What’s next — Instruments like fMRI can’t take measurements fast enough to catch the kinds of signals that can be translated into speech, so researchers have to rely on risky and highly invasive surgeries to install the brain implants that can gather this data. But wireless brain implants are currently in the works, and they could give patients a bit more freedom to move around when using the device, rather than staying hooked up to a computer.
In recent years, private industry has become more interested in technology that can help non-verbal patients communicate, Moses says. Companies like Neuralink, Kernel, and Synchron are developing their own implants and high-tech devices, like a helmet that can read brain activity using near-infrared light.

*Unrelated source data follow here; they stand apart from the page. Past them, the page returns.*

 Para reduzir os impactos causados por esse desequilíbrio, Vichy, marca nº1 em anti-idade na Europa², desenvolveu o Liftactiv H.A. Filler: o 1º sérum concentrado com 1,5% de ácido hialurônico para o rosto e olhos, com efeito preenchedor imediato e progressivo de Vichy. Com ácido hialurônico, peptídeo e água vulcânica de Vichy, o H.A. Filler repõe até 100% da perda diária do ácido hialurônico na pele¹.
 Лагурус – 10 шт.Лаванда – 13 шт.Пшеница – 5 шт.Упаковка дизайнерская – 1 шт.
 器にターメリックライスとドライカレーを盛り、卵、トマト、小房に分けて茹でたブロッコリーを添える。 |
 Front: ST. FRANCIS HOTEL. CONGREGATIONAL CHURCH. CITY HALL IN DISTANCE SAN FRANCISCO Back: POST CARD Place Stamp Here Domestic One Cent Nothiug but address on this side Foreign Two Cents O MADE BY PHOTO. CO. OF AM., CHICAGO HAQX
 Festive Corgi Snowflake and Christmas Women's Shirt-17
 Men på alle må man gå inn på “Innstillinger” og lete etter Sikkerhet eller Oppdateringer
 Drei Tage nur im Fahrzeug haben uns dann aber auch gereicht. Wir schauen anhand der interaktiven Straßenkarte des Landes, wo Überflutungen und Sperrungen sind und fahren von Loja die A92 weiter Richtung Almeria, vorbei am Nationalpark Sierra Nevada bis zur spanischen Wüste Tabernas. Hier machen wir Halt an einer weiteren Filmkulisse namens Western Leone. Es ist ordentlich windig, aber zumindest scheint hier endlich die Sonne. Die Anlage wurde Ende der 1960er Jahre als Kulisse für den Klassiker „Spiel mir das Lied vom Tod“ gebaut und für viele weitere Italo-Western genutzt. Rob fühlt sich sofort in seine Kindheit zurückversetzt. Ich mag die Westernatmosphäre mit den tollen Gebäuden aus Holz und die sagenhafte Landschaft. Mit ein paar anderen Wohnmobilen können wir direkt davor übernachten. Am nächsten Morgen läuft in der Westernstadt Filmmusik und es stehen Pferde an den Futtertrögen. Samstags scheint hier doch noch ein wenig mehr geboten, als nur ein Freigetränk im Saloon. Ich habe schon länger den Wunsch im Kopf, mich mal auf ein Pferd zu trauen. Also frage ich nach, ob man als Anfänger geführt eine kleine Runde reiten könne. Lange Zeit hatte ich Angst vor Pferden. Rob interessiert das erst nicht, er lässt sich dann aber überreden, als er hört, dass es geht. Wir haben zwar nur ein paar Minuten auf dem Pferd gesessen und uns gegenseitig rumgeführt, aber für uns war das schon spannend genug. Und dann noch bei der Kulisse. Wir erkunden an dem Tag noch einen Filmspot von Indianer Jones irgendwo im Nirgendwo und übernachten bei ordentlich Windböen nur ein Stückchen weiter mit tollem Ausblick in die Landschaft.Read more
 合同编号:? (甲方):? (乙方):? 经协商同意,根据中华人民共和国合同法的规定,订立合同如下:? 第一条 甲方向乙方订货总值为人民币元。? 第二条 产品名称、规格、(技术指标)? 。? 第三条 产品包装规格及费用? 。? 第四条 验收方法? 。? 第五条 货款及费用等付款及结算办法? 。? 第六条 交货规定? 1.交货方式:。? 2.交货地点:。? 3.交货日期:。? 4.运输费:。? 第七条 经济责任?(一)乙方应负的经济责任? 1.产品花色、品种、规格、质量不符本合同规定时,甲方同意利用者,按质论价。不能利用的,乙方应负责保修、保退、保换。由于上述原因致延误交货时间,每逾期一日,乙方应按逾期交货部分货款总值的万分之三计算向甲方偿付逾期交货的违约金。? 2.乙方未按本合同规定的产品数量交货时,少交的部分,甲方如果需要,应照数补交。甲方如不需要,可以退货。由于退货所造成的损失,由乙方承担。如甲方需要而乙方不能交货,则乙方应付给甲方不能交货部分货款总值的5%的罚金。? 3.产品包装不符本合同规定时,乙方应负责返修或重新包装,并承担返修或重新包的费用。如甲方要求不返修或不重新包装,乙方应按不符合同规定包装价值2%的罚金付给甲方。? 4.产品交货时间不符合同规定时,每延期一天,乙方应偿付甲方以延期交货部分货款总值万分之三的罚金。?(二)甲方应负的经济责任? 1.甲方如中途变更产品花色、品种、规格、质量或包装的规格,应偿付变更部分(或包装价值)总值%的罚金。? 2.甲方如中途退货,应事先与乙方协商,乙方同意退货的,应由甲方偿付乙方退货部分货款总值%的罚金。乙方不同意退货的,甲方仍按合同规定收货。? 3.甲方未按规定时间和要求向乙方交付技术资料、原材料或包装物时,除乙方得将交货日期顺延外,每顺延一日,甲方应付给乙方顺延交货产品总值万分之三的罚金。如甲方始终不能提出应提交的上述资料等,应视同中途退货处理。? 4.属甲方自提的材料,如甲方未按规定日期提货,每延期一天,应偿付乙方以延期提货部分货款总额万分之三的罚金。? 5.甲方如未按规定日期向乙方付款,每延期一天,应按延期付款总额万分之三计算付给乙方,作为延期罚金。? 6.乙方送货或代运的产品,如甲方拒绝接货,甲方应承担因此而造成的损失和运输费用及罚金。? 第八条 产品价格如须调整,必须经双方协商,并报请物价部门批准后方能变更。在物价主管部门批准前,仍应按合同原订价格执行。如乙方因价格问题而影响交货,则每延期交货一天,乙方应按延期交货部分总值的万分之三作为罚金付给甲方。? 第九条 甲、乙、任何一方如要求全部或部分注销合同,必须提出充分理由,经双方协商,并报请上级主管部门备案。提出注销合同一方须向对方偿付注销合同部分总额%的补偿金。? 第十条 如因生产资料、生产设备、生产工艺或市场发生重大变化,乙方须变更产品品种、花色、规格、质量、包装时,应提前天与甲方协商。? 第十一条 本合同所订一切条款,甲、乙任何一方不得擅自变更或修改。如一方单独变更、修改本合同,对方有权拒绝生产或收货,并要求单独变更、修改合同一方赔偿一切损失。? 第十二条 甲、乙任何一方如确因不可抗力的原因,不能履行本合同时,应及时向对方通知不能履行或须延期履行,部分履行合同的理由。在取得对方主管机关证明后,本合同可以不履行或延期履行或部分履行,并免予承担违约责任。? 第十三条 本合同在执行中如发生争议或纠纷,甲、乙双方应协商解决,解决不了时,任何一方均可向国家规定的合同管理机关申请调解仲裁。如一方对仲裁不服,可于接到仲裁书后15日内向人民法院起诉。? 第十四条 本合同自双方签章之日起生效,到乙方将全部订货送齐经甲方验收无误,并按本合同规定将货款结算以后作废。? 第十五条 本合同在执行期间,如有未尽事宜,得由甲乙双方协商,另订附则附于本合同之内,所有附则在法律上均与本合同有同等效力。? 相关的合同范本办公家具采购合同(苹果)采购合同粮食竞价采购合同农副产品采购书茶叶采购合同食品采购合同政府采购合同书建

You may be wondering: What if this system could one day divulge our most intimate inner conversations? The concept certainly brings to mind a hypothetical dystopia in which the government or tech companies can read our minds without our consent. But the researchers stress that their techniques can’t capture what most people consider their private thoughts.
In fact, FG had to focus intensely on each word to complete the experiment — before they could measure his internal speech, the researchers and FG had to make sure they agreed on what “inner speech” actually was. “This is quite hard to study because it relies on people having to report something about themselves,” says Wandelt. “Everyone has a different way of doing it.”
For some people, the experiment wouldn’t capture their natural inner monologue, which might consist more of visual images or quick soundbites. Instead, Wandelt and colleagues could only pick up on words slowly and one at a time. “I think if the patient was just randomly thinking about stuff it wouldn't work at all,” says Wandelt.
So while a technique that can detect inner speech doesn’t count as “mind-reading,” says Moses. “It does get one step closer.”